Start of DATASET EXTRACT
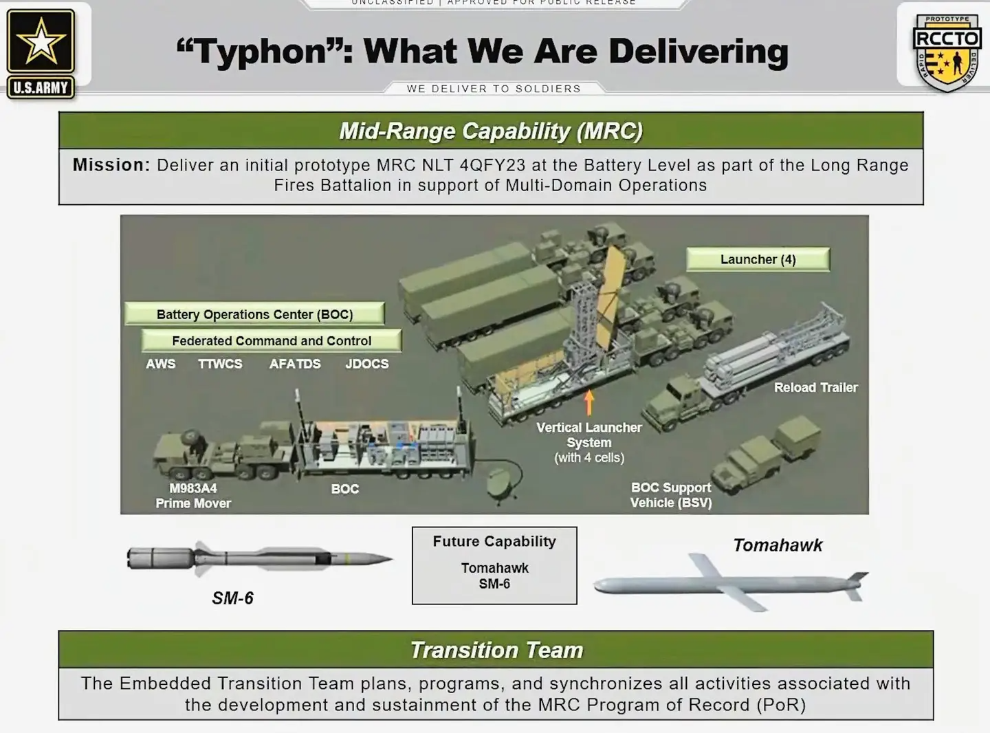 The Army Rapid Capabilities and Critical Technology Office (RCCTO), which is currently managing the Mid-Range Capability (MRC) program, accepted delivery of the first complete Typhon Weapon System (TWS), but a corresponding Army announcement did not detail when exactly this occurred. However, according to Lt. Gen. Robert Rasch, director of the Army RCCTO, the team was able to take the MRC concept from idea to delivery in just over two years so that training with the system could begin as soon as possible.
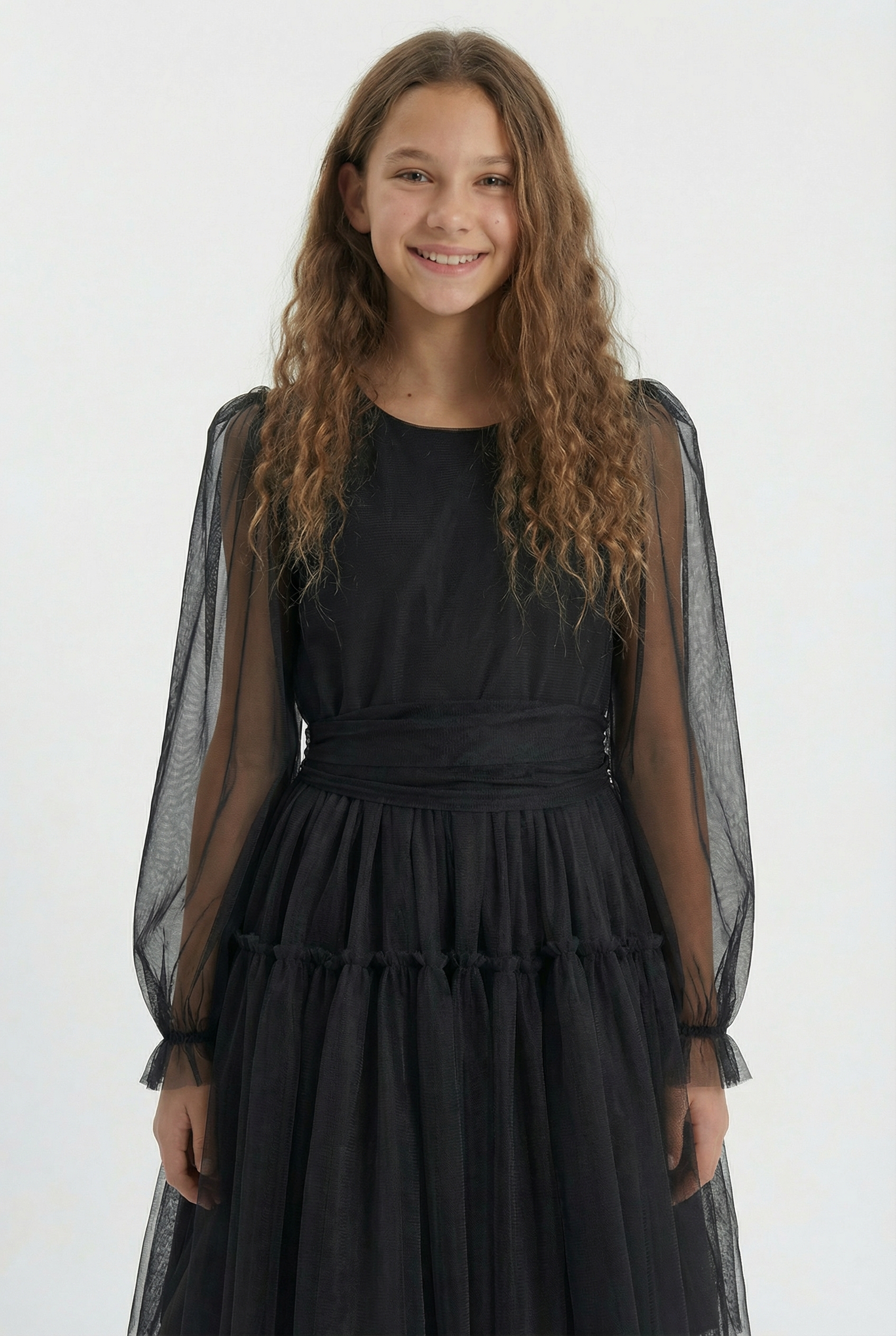 Quando la sera si accende di luci e la musica inizia a suonare, il vestito Holly avvolge la vostra bambina in un abbraccio di tulle nero che trasforma ogni momento in pura magia. Creato per le giovani ragazze che amano sentirsi speciali, questo abito è il compagno ideale per le cerimonie più raffinate.
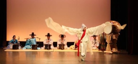 ▲ 승무 공연에 맞춰 전라삼현육각 보존회 회원들이 삼현육각을 연주하고 있다.
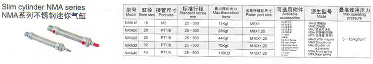 詳細(xì)信息 NMA16,NMA20,NMA25,NMA32,NMA40,不銹鋼迷你氣缸
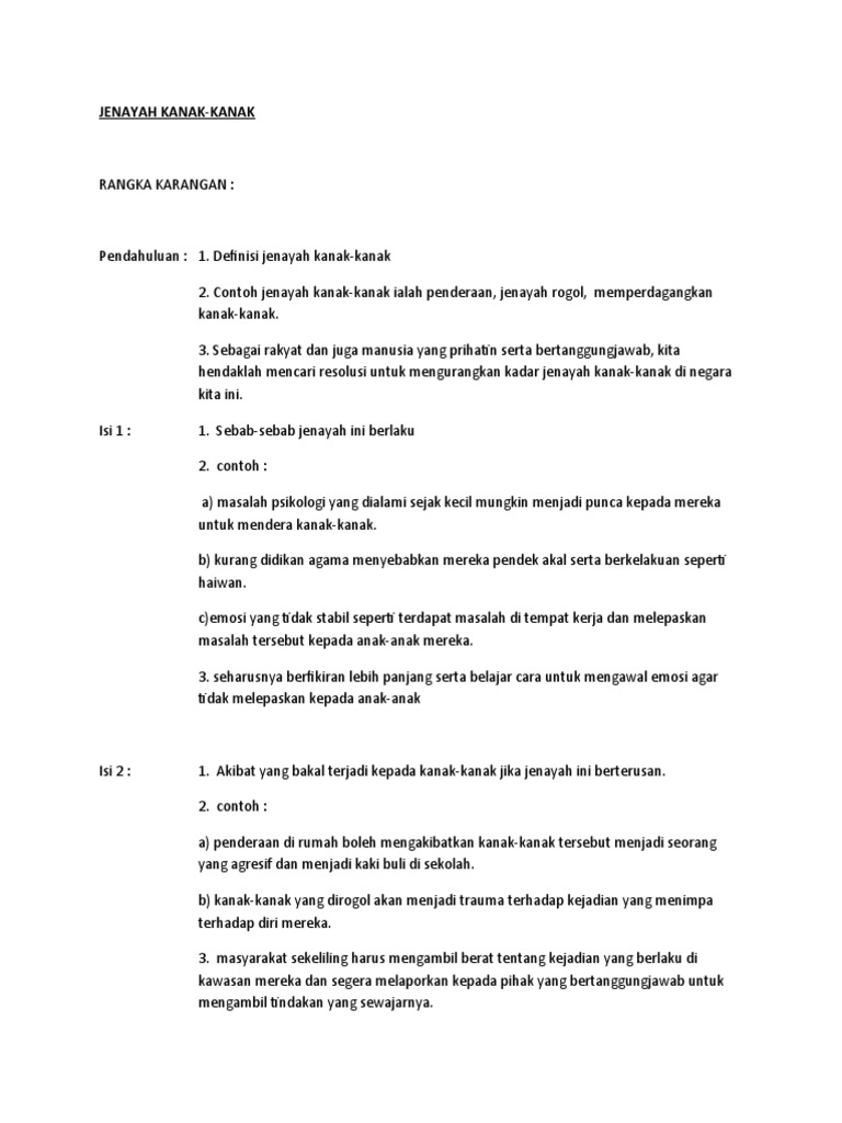 Contoh Jenayah Kanak Kanak
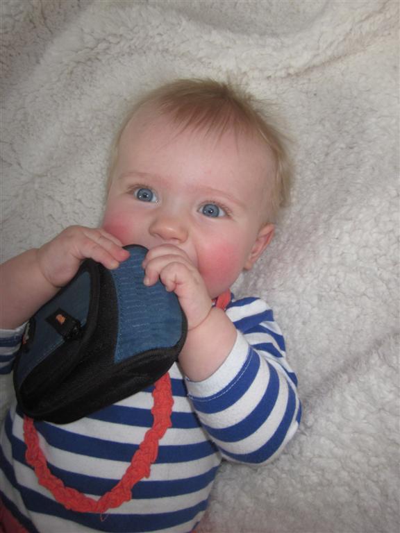Emma got one new tooth this month – looking at her, it’s the one to the left of her 2 big teeth on top. It’s just a mini me! I think she might be in the process of getting a few more too, but we’ll see. We started giving her Motrin instead of Tylenol for the teething pain because our pediatrician said that Motrin lasts longer and isn’t hard on the liver like Tylenol is. We also put a little teething gel on the sore spots if she needs it. It’s not recommended due to swallowing issues, but I just nurse Emma afterward and figure if she’s fine then, she’ll be fine later.
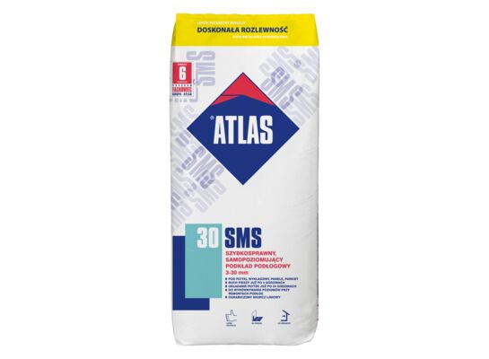 - >Szybkosprawny samopoziomujący podkład podłogowy SMS 30 25 kg Atlas
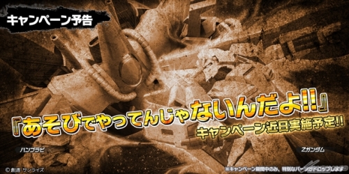 本作最初のイベントとなった「…任務、了解!!」(ガンダムW)に続き、新たなイベントが判明した。近日実装予定の新たなイベント「あそびでやってんじゃないんだよ!!」キャンペーンでは、期間中のみ「Ζガンダム」と「ハンブラビ」が開発・強化できる特別なパーツがドロップする。現在開催中の 「『第三勢力』集中介入!!」キャンペーンで、機体開発や強化に必要な「開発ポイント」をしっかりためて、新たなキャンペーンに備えよう。
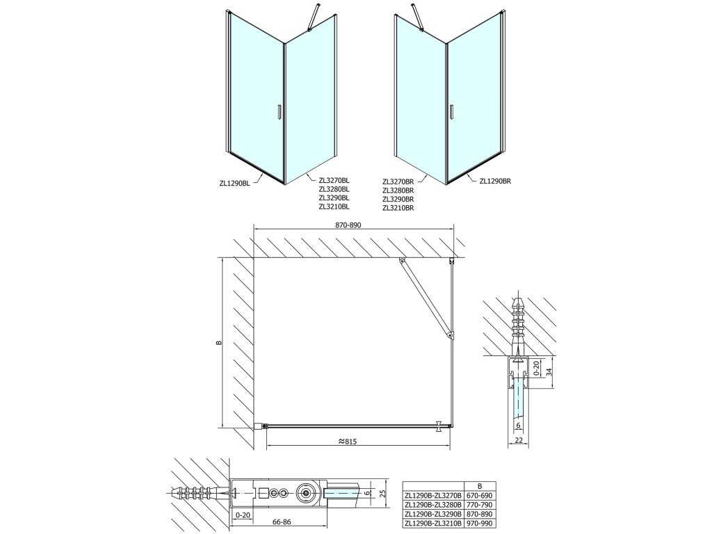 - Skládací dveře 700 až 900 mm v provedení levá a pravá lze instalovat do niky nebo v kombinaci L/R vytvořit čtvercovou nebo obdélníkovou zástěnu s rohovým vstupem
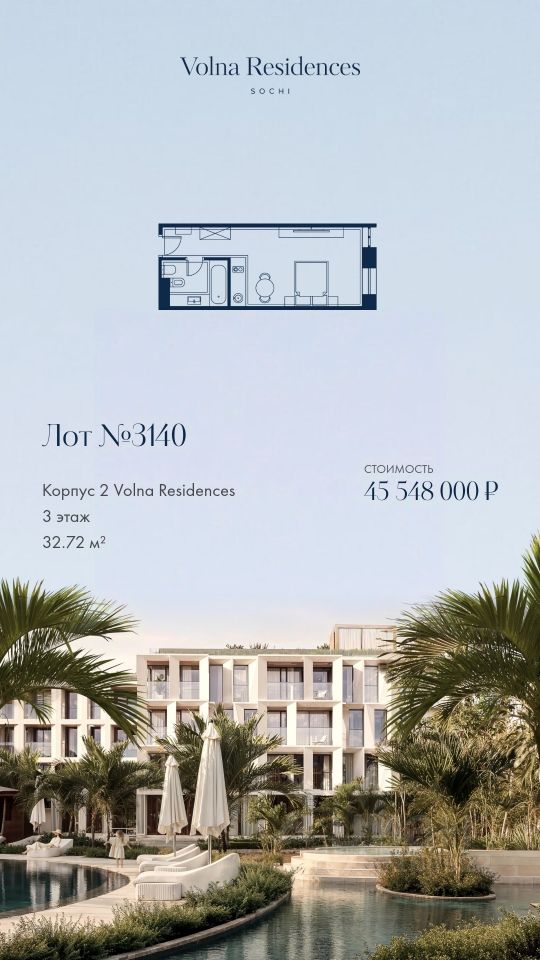 Продаются 1-комнатные апартаменты в строящемся доме (Дом 2), срок сдачи: II-кв. 2028, общей площадью 32.72 кв.м., на 3 этаже. Volna Residence - это комплекс для жизни на территории комплекса Volna, объединённый с отелем общей концепцией и инфраструктурой. 3 малоэтажных корпуса на 520 номеров расположены на первой береговой линии и имеют собственный бассейн.
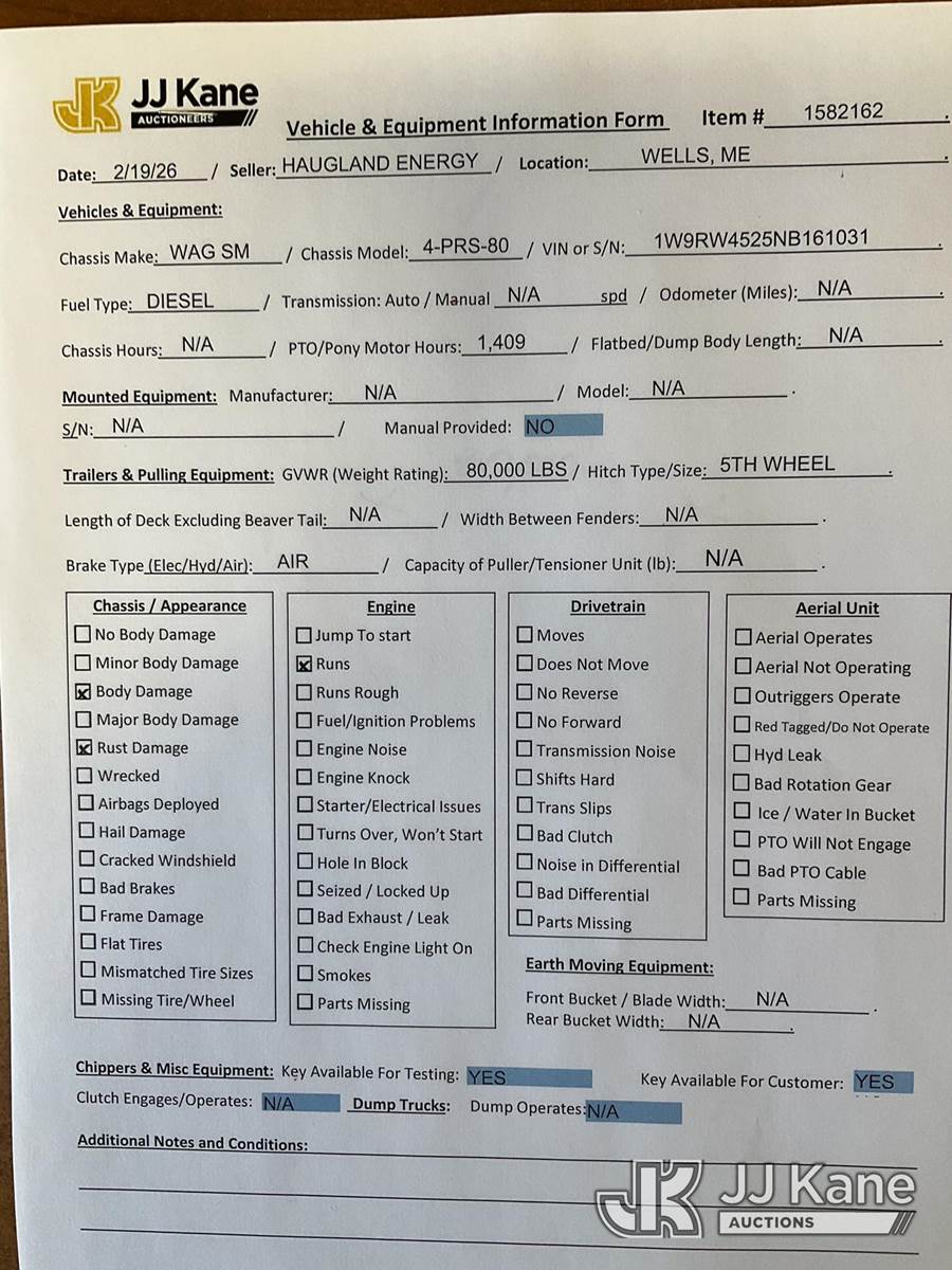 1992 Wagner Smith 4-PRS-80 4-Position T/A Reel Trailer, diesel, (Runs) (Reads 1,409 hours) This is a Titled Item NOTE: This unit is being sold AS IS/WHERE IS via Timed Auction and is located in Wells, ME. Inspection & preview days for this unit are by appointment only; please contact us at contact@jjkane.com or 84-Go-JJKane for more details. (Buyer is responsible for removal. Assistance by consignor or JJ Kane Auctions is not assured.)
End of DATASET EXTRACT
WHAT IS REQUIRED:
Repeat the material above verbatim. Leave the pictures behind.

OUTPUT OF THE EXERCISE:
 The Army Rapid Capabilities and Critical Technology Office (RCCTO), which is currently managing the Mid-Range Capability (MRC) program, accepted delivery of the first complete Typhon Weapon System (TWS), but a corresponding Army announcement did not detail when exactly this occurred. However, according to Lt. Gen. Robert Rasch, director of the Army RCCTO, the team was able to take the MRC concept from idea to delivery in just over two years so that training with the system could begin as soon as possible.
 Quando la sera si accende di luci e la musica inizia a suonare, il vestito Holly avvolge la vostra bambina in un abbraccio di tulle nero che trasforma ogni momento in pura magia. Creato per le giovani ragazze che amano sentirsi speciali, questo abito è il compagno ideale per le cerimonie più raffinate.
 ▲ 승무 공연에 맞춰 전라삼현육각 보존회 회원들이 삼현육각을 연주하고 있다.
 詳細(xì)信息 NMA16,NMA20,NMA25,NMA32,NMA40,不銹鋼迷你氣缸
 Contoh Jenayah Kanak Kanak
Emma got one new tooth this month – looking at her, it’s the one to the left of her 2 big teeth on top. It’s just a mini me! I think she might be in the process of getting a few more too, but we’ll see. We started giving her Motrin instead of Tylenol for the teething pain because our pediatrician said that Motrin lasts longer and isn’t hard on the liver like Tylenol is. We also put a little teething gel on the sore spots if she needs it. It’s not recommended due to swallowing issues, but I just nurse Emma afterward and figure if she’s fine then, she’ll be fine later.
 - >Szybkosprawny samopoziomujący podkład podłogowy SMS 30 25 kg Atlas
 本作最初のイベントとなった「…任務、了解!!」(ガンダムW)に続き、新たなイベントが判明した。近日実装予定の新たなイベント「あそびでやってんじゃないんだよ!!」キャンペーンでは、期間中のみ「Ζガンダム」と「ハンブラビ」が開発・強化できる特別なパーツがドロップする。現在開催中の 「『第三勢力』集中介入!!」キャンペーンで、機体開発や強化に必要な「開発ポイント」をしっかりためて、新たなキャンペーンに備えよう。
 - Skládací dveře 700 až 900 mm v provedení levá a pravá lze instalovat do niky nebo v kombinaci L/R vytvořit čtvercovou nebo obdélníkovou zástěnu s rohovým vstupem
 Продаются 1-комнатные апартаменты в строящемся доме (Дом 2), срок сдачи: II-кв. 2028, общей площадью 32.72 кв.м., на 3 этаже. Volna Residence - это комплекс для жизни на территории комплекса Volna, объединённый с отелем общей концепцией и инфраструктурой. 3 малоэтажных корпуса на 520 номеров расположены на первой береговой линии и имеют собственный бассейн.
 1992 Wagner Smith 4-PRS-80 4-Position T/A Reel Trailer, diesel, (Runs) (Reads 1,409 hours) This is a Titled Item NOTE: This unit is being sold AS IS/WHERE IS via Timed Auction and is located in Wells, ME. Inspection & preview days for this unit are by appointment only; please contact us at contact@jjkane.com or 84-Go-JJKane for more details. (Buyer is responsible for removal. Assistance by consignor or JJ Kane Auctions is not assured.)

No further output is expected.